■ Exercise objective ■
Reproduce only the lines below from the line containing "Este cartão poema" to the line containing "因医院业务发展需要,经研究,决定公开招聘", exactly as written, with both end lines kept. Omit the pictures.

■ Information provided ■
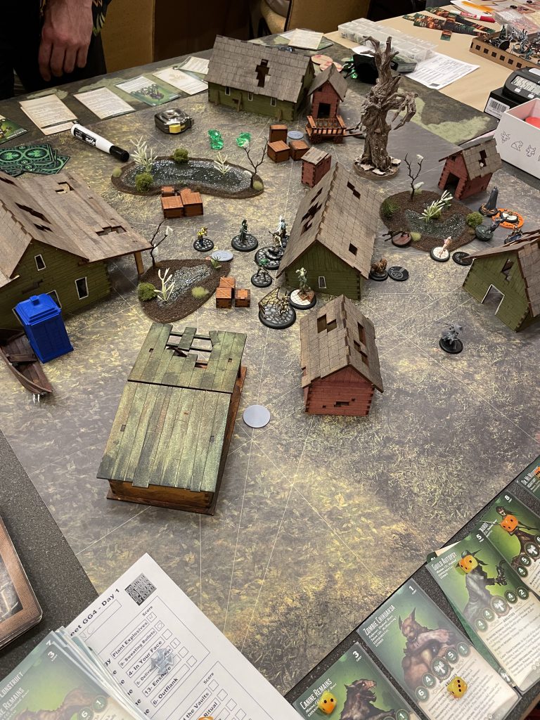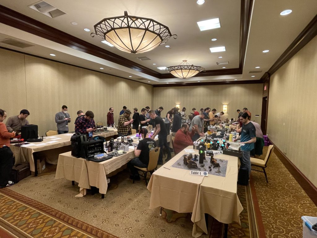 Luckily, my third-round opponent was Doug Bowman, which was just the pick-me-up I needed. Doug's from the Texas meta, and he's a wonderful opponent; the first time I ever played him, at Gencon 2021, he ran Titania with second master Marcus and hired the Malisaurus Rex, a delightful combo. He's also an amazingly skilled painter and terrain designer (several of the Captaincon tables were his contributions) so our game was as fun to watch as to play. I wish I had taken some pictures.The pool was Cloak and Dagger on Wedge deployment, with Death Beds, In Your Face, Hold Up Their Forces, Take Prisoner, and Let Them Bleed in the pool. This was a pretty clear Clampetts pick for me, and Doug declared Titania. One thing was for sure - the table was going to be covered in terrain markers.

--

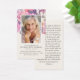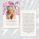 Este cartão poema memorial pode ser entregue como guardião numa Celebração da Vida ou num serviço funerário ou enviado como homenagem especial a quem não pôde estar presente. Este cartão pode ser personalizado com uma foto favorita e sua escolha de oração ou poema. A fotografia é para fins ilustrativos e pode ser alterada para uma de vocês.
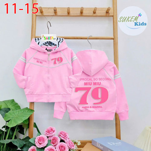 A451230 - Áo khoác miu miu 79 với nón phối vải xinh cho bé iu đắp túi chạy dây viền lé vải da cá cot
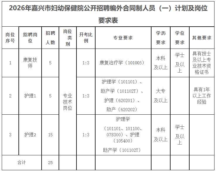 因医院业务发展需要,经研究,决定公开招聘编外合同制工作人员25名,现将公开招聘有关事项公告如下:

■ Written solution ■
 Este cartão poema memorial pode ser entregue como guardião numa Celebração da Vida ou num serviço funerário ou enviado como homenagem especial a quem não pôde estar presente. Este cartão pode ser personalizado com uma foto favorita e sua escolha de oração ou poema. A fotografia é para fins ilustrativos e pode ser alterada para uma de vocês.
 A451230 - Áo khoác miu miu 79 với nón phối vải xinh cho bé iu đắp túi chạy dây viền lé vải da cá cot
 因医院业务发展需要,经研究,决定公开招聘编外合同制工作人员25名,现将公开招聘有关事项公告如下:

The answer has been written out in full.